Crazy colleague's child taking over the office an inch at a time

(61 Posts)
Welshtinsel Tue 11-Dec-12 12:14:24

Since my work colleague returned from maternity leave she has tried to turn the office in to some kind of shrine to her child.

If she is not talking about her DD then she is showing someone a picture of her DD. Every conversation devolves into one involving her spawn. Rather than working she'll sit around discussing how 'cute' her DD is. Just last week she used up all of the color ink in the print printing a picture of her DD. Any current event always strikes a cord with whatever crap her DD did last night.

AIBU to say that no one gives a shit about her kid and she should just shut up and do her job?

Chanatan Tue 11-Dec-12 12:20:36

yabnu for refering to her child as spawn.

OnTheBottomWithAStringOfTinsel Tue 11-Dec-12 12:21:05

Noooo! you need to fight fire with fire!

Introduce your own gifted and talented DC's/nieces/nephews into conversation at any and all opportunity.

If you can get someone to play also, set points for delivery of outrageous claims with straight faces (i.e. "3 yr old Montgomery is getting bored with his Suzuki maths lessons as he is too advanced for them" "darling Flora corrected my spelling of digeridoo last night, and do you know what, she was right!")

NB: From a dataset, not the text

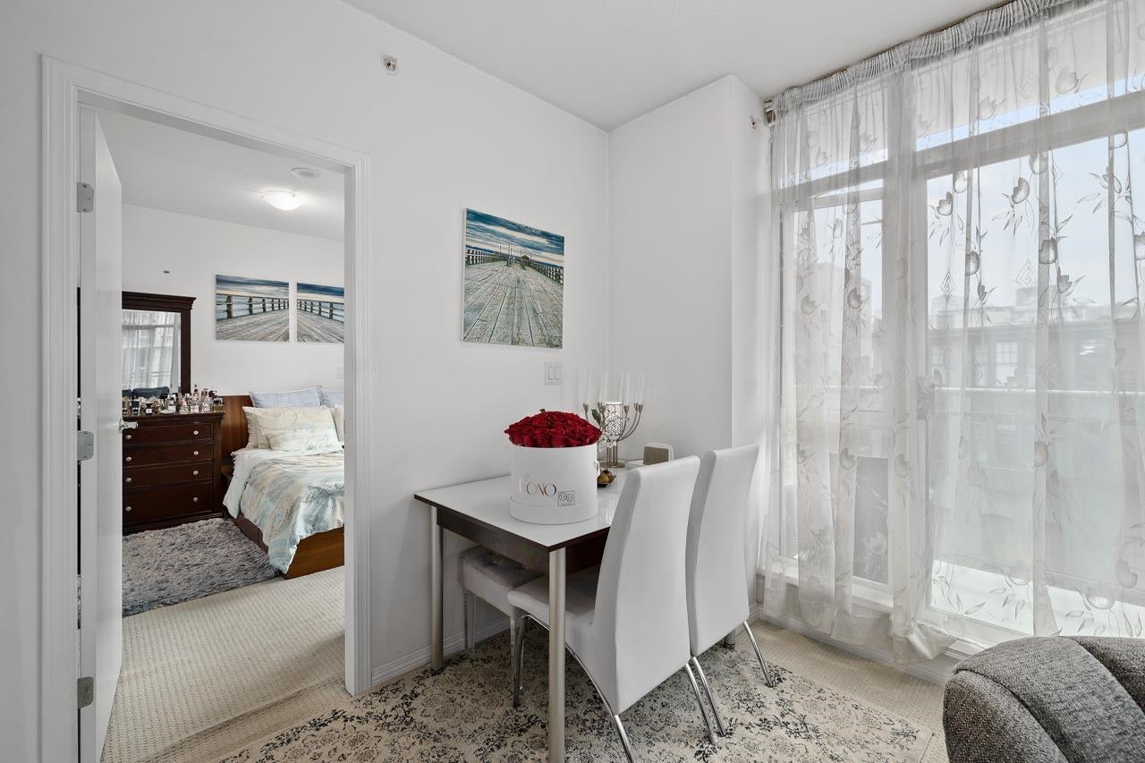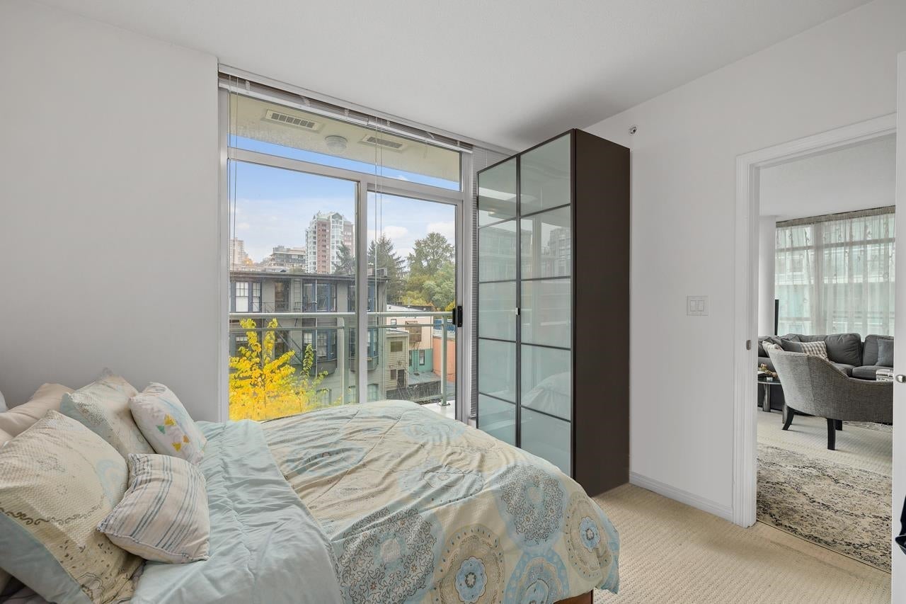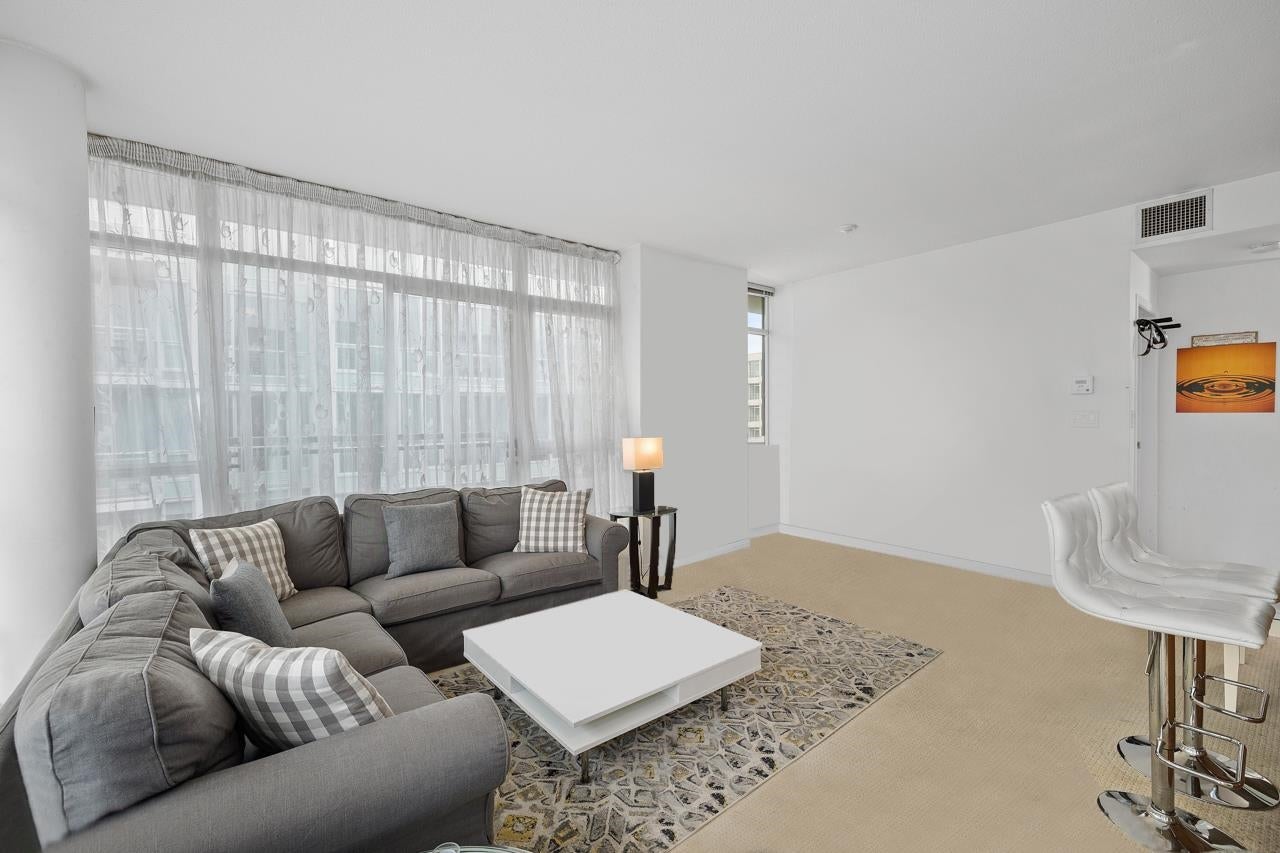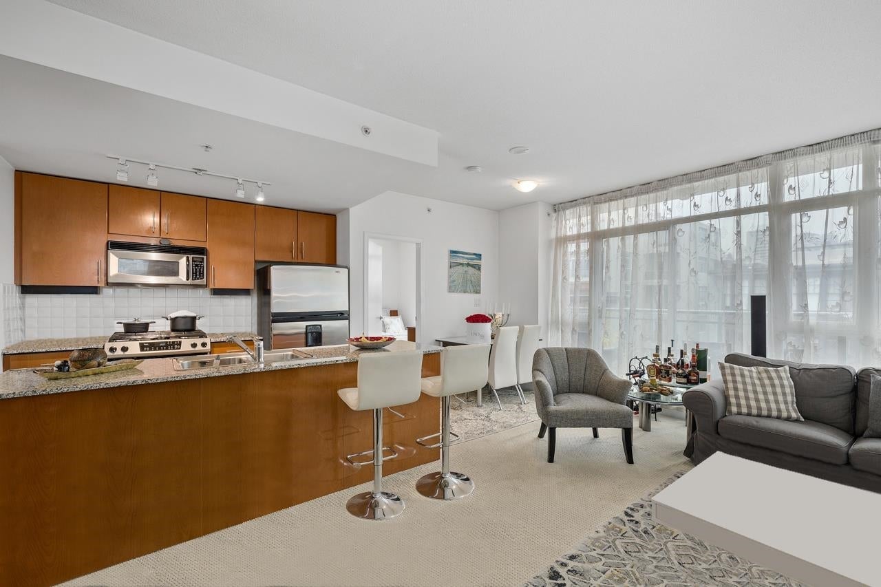 PENTHOUSE corner suite now available for the first time on the market! This 2 bed, 2 bath condo offers a wide corner floor plan w/ floor-to-ceiling windows with views of historic Lower Lonsdale buildings over a quiet tree-lined street. Enjoy separated bedrooms & large principle rooms. The open plan kitchen boasts an entertainer's island w/ granite counters, gas range & wood tone cabinetry. Lrg master suite w/ His & Her closets & 4 pc ensuite. Dual access to the spacious balcony from both the master bedroom & living space - in addition to a Juliet balcony for a beautiful cross breeze. AIR CONDITIONING, 1 parking & use of the pool/gym/amenities at the Pinnacle hotel for a sm. monthly fee. Pets & rentals allowed. Step to Seabus, Quay & Shipyards! Showing Thur 4:30-6pm, Sat 2:30-4pm or by apt.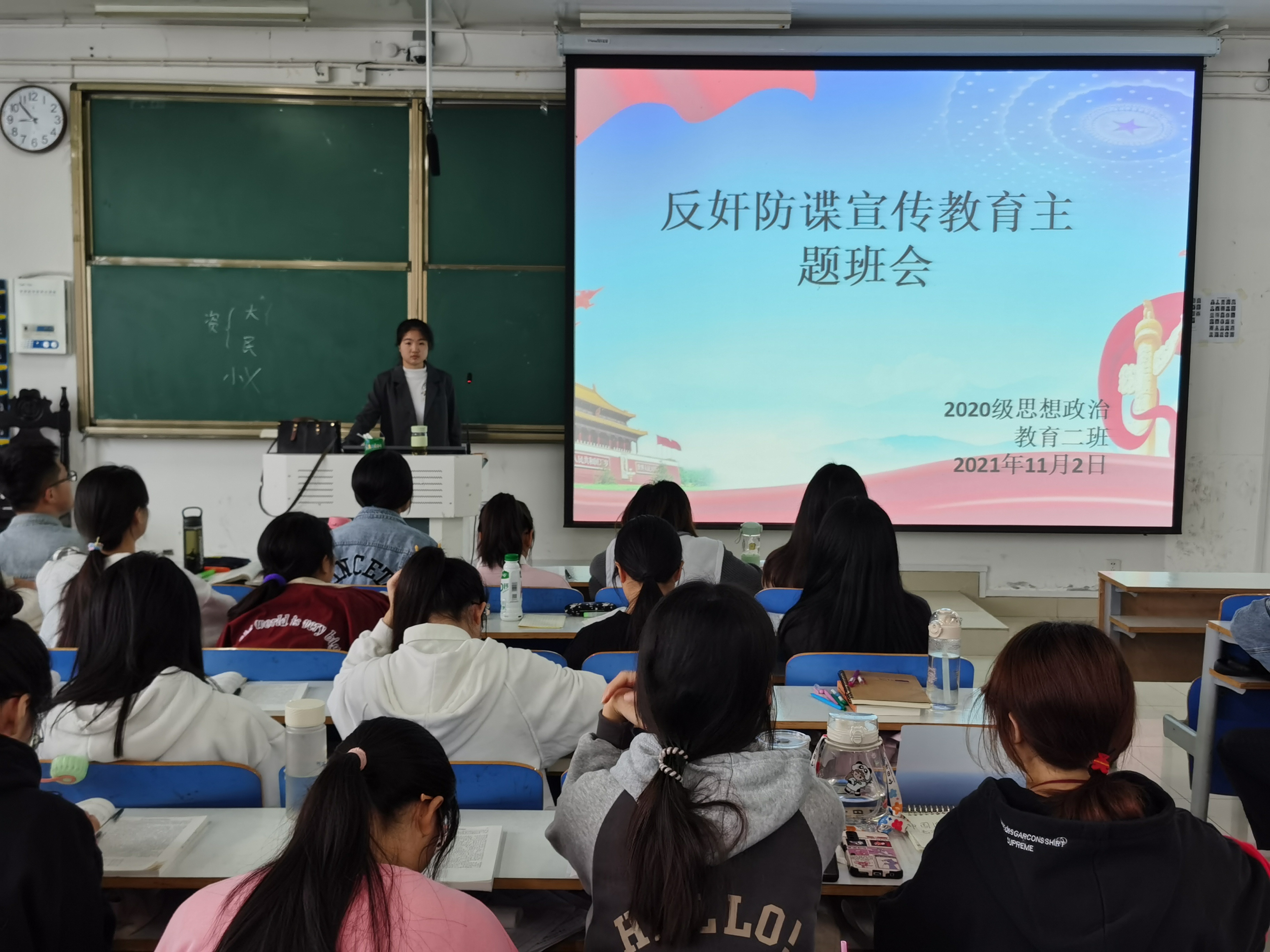 为进一步增强同学们的国家安全意识,11月2日上午,beat365在线唯一官网2020级思想政治教育二班、定向二班在社科楼516教室召开“反奸防谍”宣传教育主题班会。2020级思想政治教育二班、定向二班全体同学共同参与本次班会。班会由副班长孙雪主持。

Please don't be too obviously unkind though, I'm sure we all were a bit like this at some stage. She'll grow out of it when DD becomes a teenager and HATES her (like mine when I confiscated her mobile phone at the weekend - you'd have thought I cut off a limb)

The novelty will soon wear off I am sure.

YABU!

Psammead Tue 11-Dec-12 12:24:42

Aww. She's proud of her child. She should be doing her job and not using up company resources, but have a heart, OP!

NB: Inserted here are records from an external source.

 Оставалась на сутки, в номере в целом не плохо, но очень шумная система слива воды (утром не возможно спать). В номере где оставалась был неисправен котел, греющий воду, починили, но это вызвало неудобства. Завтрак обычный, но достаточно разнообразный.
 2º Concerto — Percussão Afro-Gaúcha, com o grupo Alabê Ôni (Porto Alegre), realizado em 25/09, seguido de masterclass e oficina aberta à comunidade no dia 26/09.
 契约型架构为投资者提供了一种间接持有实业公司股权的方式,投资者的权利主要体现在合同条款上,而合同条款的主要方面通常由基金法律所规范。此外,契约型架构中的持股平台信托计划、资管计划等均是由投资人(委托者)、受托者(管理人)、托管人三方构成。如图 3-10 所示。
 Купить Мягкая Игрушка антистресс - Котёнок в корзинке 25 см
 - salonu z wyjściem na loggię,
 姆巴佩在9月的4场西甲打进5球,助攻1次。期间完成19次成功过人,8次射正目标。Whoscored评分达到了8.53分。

HullyEastergully Tue 11-Dec-12 12:24:54

She probably misses her terribly

don't be an old cow

HECTheHallsWithRowsAndFolly Tue 11-Dec-12 12:26:32

Give her time. She's getting used to being back at work and probably feels hugely guilty. (no need for her to, but I know many people do)

Just get on with your work, bring her back to topic but don't be too hard on her. She'll get back to normal presently.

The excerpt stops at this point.